StanislavYatsevich / Store_Sales

The project is aimed at stores' sales prediction
0 stars 0 forks source link

Unclear val/test split #10

Open astraszab opened 3 weeks ago

astraszab commented 3 weeks ago

https://github.com/StanislavYatsevich/Store_Sales/blob/9c10a6aec4c0ceecd40d976e48cf62c6d8003f37/src/store_sales/splitting_and_preparing_data.py#L35-L40

Unfortunately, it's not clear from this code which time period gets into train, validation, and testing sets. Is it a week, a month, a year? Also the size of each set is hard coded - I believe it would be more convenient for the user if we make it configurable.

StanislavYatsevich commented 3 weeks ago

https://github.com/StanislavYatsevich/Store_Sales/blob/9c10a6aec4c0ceecd40d976e48cf62c6d8003f37/src/store_sales/splitting_and_preparing_data.py#L35-L40

Unfortunately, it's not clear from this code which time period gets into train, validation, and testing sets. Is it a week, a month, a year? Also the size of each set is hard coded - I believe it would be more convenient for the user if we make it configurable.

Well, that's a good point, thank you. Actually, the deal is that this code was written before we clarified the prediction horizon and the validation method at the beginning of the project. So, since we decided to make a prediction for the last 15 days and to use a cross-validation technique, I believe now it's good time to come back and adjust the train/valid/test split according to the current needs.

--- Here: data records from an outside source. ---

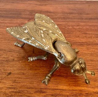 Pequeño cenicero realizado en España en los años 70/80 en metal , representa una mosca que abre su tapadera para apoyar dos cigarros y depositar la ceniza, modelo patentado, cabe destacar su impoluto estado de conservación ya que nunca fue utilizado y siempre estuvo en exposición 6 × 10 cm 13 cm desplegada VISITA MI PERFIL,MAS COSAS DE ESTE ESTILO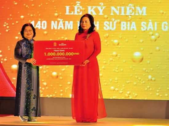 Bia Sài Gòn trao biểu trưng 1 tỷ đồng tặng Quỹ học bổng Vừ A Dính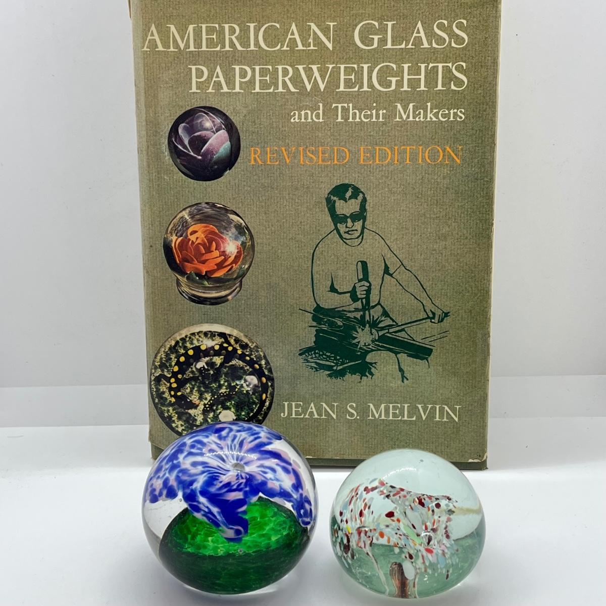 LOT 40K: Vintage American Glass Paperweights Book and Two Paperweights

StanislavYatsevich commented 3 weeks ago

https://github.com/StanislavYatsevich/Store_Sales/blob/9c10a6aec4c0ceecd40d976e48cf62c6d8003f37/src/store_sales/splitting_and_preparing_data.py#L35-L40

Unfortunately, it's not clear from this code which time period gets into train, validation, and testing sets. Is it a week, a month, a year? Also the size of each set is hard coded - I believe it would be more convenient for the user if we make it configurable.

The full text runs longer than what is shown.